Gene Vector Integration Profiling in Eye and Brain

Nerve cells, or neurons, and the sensory cells of the eye, located in the retina, represent preferred targets for therapeutic gene delivery. Neurons and retinal cells are very enduring and stably integrated into the complex cellular networks that enable the sensory, cognitive and effector functions of the nervous system. The low tissue turnover implies that the cells mostly do not undergo division (mitosis) and, thus, maintain a membrane around their nuclei that represents a major hurdle to gene delivery.

Lentiviruses are complex retroviruses which have evolved with the ability to transfer their genomes into the nucleus of non-dividing cells. Furthermore, lentiviral gene vectors are most efficient in pasting the therapeutic sequences into the cellular chromosomes, which are long strands of DNA containing the cellular genes arranged like beads on a string. However, the exact position at which the therapeutic sequences are introduced into the chromosomes cannot be predicted, as the integration process is untargeted. To prevent the random activation of genes controlling cell growth by this type of untargeted transgene insertion, it is important to understand the mechanisms of gene vector integration.
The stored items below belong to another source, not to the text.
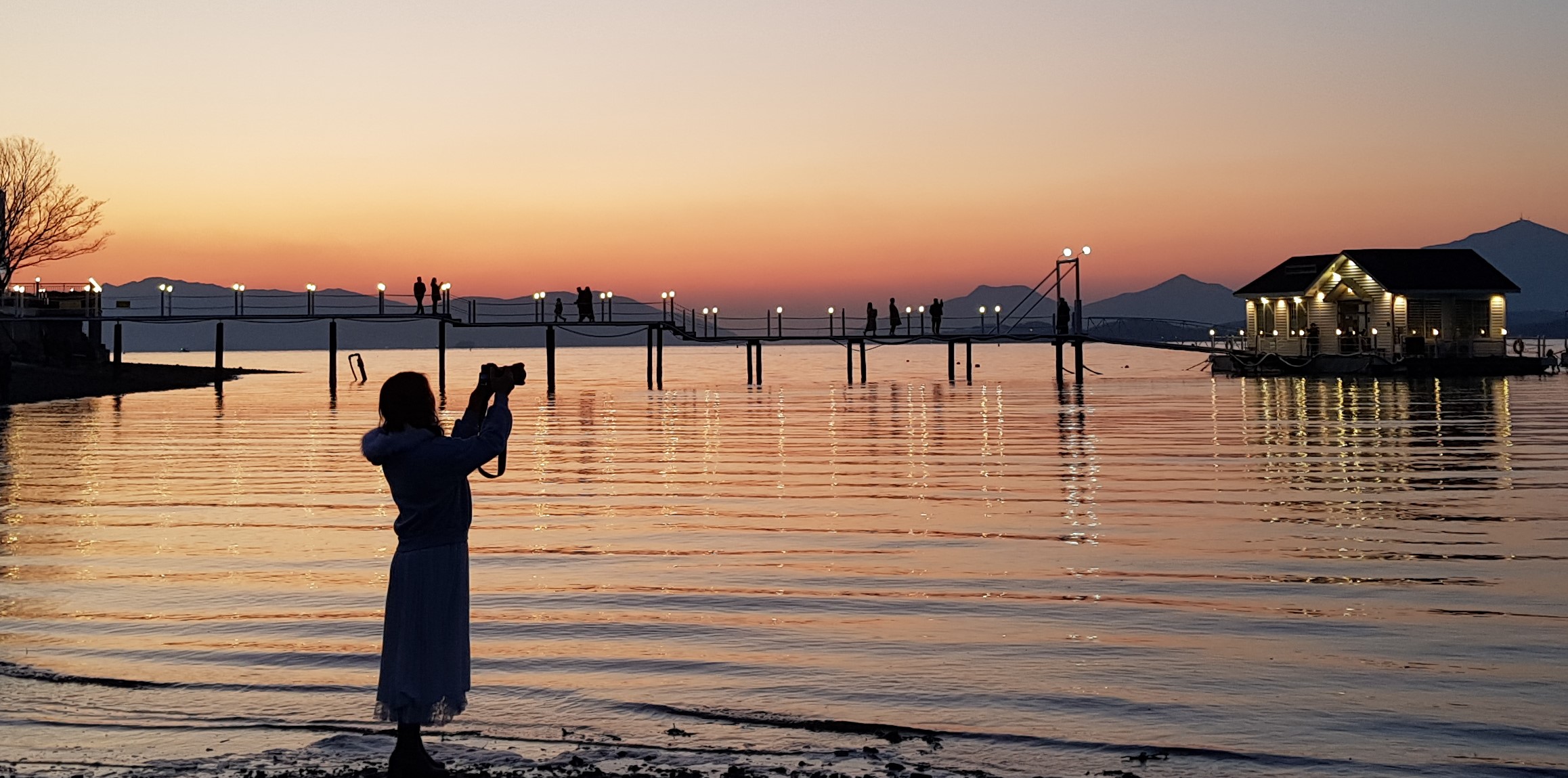 여름에는 해가 바다로 떨어져서 그림이 더 좋다.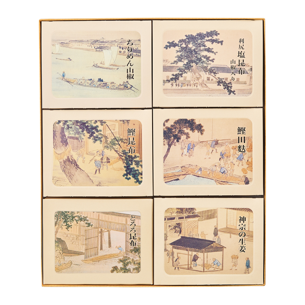 利尻塩昆布山椒入り・神宗の生姜各110g、ちりめん山椒・鰹田麩各70g、鰹昆布80g、とろろ昆布40g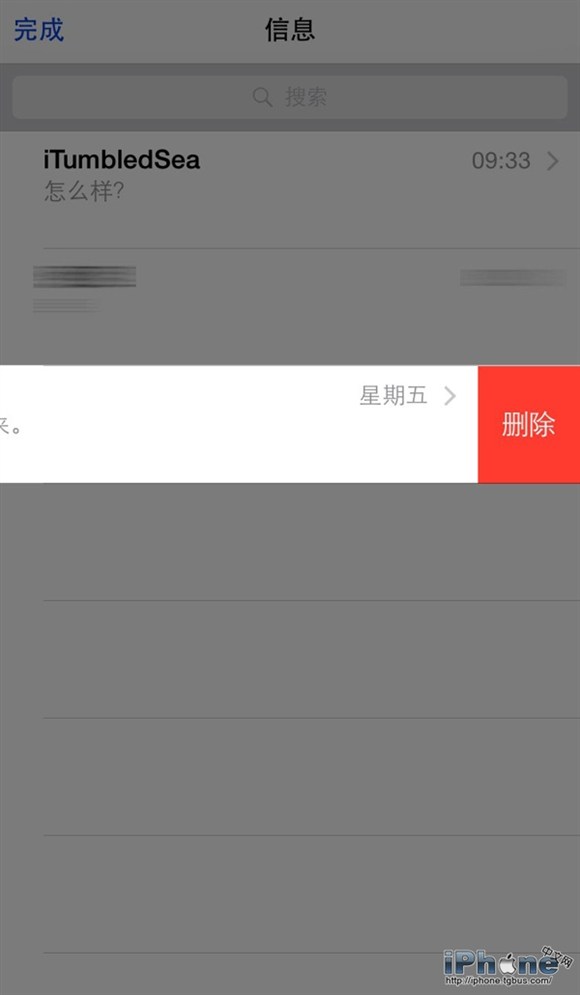你可以一次性刪除和某人的所有信息對話,你只需要在所有對話列表視圖中找到對應的對話線程,然後向左滑動手指,點擊右側的“刪除”按鈕即可。刪除該對話線程後你仍然可以和其進行對話,只是原先的信息都已經被刪除了。
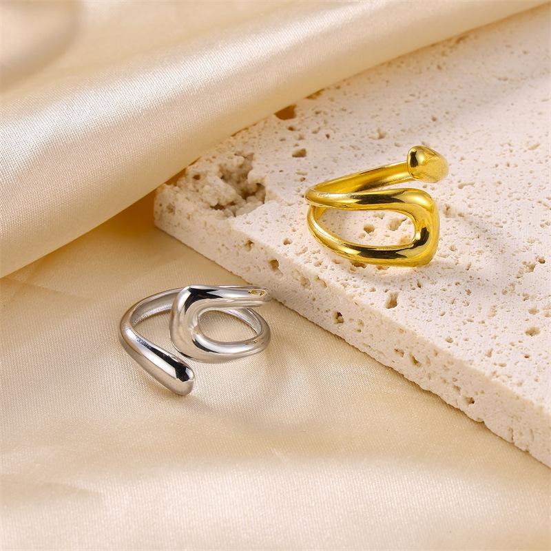 Anillo Abierto Geométrico Hueco Nuevo Europeo y Americano Anillo Ajustable Sencillo para Mujer que Combina con Todo Anillo para Dedo con Textura Creativa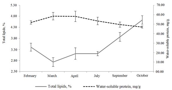 The lipid content in fish muscles is highly variable during the annual cycle [17-19]. The results of the study of total lipids and water-soluble protein in atherina muscle tissue from February to October are shown in Fig. 1.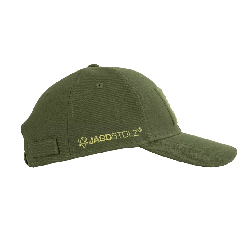 Diese Cap hat das Jagdstolz Logo in Gold auf beiden Seiten gestickt, eine Bruchlasche für deinen Erlegerbruch und eine Patch-Applikation mit eingestanztem Logo auf der Vorderseite.

In the April 2011 issue of Molecular Therapy, Dr. Cynthia Bartholomae and colleagues report that the spectrum of integration events in eye and brain cells is different from that observed in the more frequently investigated blood-forming cells. Their careful analysis reveals that a cellular factor, known to be associated with the lentiviral integration machinery, is present at low levels in eye and brain cells, thus, providing a potential explanation for their data. The relatively neutral integration spectrum and the low cell turnover in these tissues suggest that carcinogenic side effects of therapeutic gene transfer might be rare.